▸ **Data supplied**
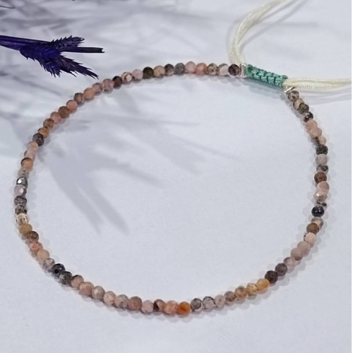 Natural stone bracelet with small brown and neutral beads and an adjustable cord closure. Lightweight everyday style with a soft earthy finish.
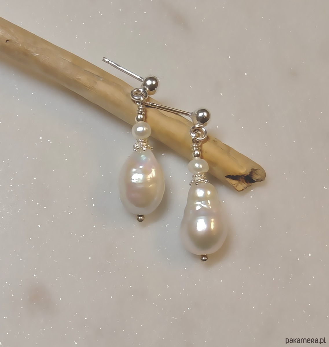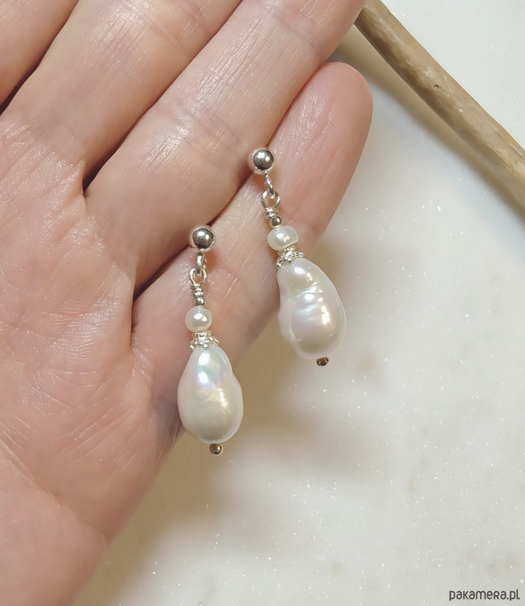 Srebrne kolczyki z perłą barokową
...
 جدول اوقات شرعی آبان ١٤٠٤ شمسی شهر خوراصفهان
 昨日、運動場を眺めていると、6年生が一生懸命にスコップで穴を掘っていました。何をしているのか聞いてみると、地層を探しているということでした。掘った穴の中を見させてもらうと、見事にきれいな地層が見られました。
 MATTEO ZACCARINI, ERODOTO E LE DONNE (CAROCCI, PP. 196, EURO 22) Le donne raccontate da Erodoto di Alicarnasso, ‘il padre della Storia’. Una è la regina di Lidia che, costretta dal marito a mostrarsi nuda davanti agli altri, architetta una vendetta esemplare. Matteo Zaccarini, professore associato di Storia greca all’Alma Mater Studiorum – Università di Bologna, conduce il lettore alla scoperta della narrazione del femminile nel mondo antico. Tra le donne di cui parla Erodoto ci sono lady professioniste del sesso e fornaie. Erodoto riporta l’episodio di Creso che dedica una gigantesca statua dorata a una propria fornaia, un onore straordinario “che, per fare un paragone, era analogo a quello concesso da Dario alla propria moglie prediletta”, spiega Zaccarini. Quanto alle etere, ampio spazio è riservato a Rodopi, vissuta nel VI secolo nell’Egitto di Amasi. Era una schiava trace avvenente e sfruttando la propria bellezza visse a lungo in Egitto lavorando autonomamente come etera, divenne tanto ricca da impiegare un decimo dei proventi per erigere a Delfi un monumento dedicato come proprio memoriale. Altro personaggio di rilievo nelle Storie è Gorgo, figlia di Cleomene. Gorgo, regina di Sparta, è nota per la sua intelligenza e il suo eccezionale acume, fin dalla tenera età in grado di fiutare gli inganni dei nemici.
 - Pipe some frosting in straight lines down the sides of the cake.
* * *
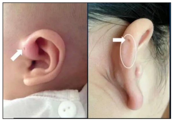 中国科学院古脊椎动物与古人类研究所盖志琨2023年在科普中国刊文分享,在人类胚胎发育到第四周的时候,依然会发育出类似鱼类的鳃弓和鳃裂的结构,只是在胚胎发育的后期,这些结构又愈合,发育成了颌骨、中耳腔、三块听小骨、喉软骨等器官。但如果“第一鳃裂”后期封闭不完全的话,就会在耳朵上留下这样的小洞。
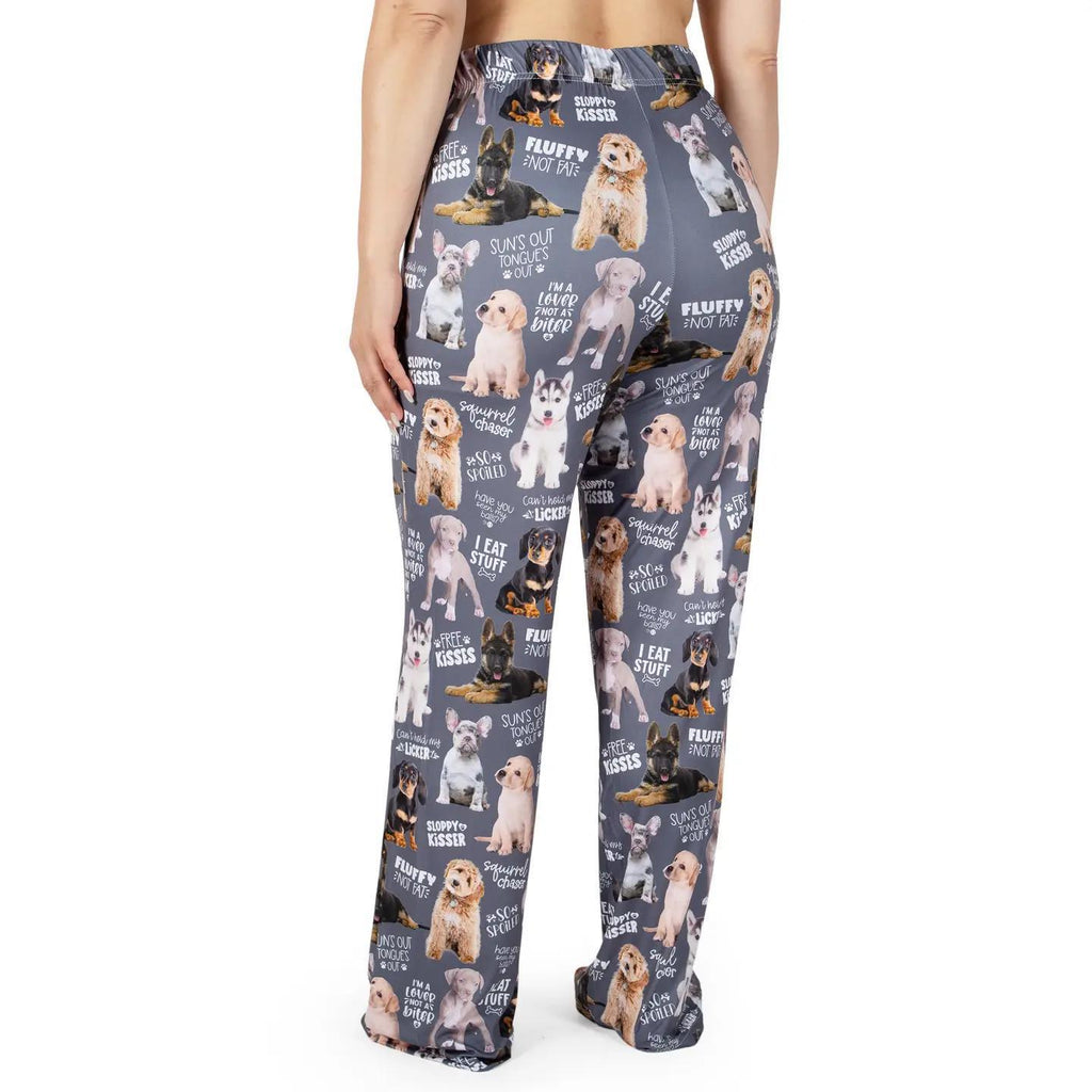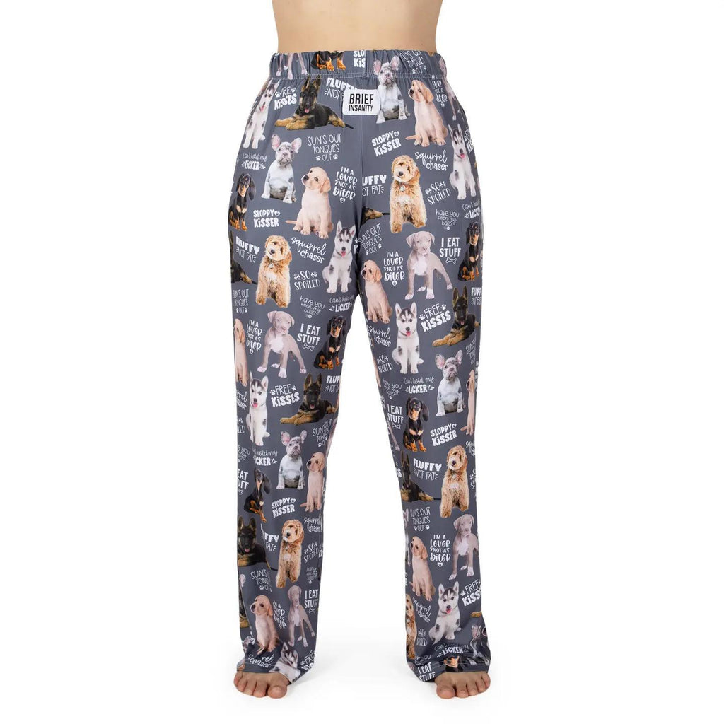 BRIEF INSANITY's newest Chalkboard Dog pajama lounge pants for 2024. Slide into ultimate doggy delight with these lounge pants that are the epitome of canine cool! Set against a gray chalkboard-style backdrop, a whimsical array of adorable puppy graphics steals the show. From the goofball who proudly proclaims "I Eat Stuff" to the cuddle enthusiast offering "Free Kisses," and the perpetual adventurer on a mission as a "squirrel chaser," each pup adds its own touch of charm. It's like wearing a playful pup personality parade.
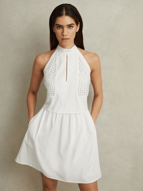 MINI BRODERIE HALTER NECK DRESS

▸ **Task to carry out**
Using the data above, print exactly the lines from the line that contains "جدول اوقات شرعی آبان ١٤٠٤ شمسی شهر خوراصفهان" through the line that contains "昨日、運動場を眺めていると、", with both included.

▸ **Exercise result**
 جدول اوقات شرعی آبان ١٤٠٤ شمسی شهر خوراصفهان
 昨日、運動場を眺めていると、6年生が一生懸命にスコップで穴を掘っていました。何をしているのか聞いてみると、地層を探しているということでした。掘った穴の中を見させてもらうと、見事にきれいな地層が見られました。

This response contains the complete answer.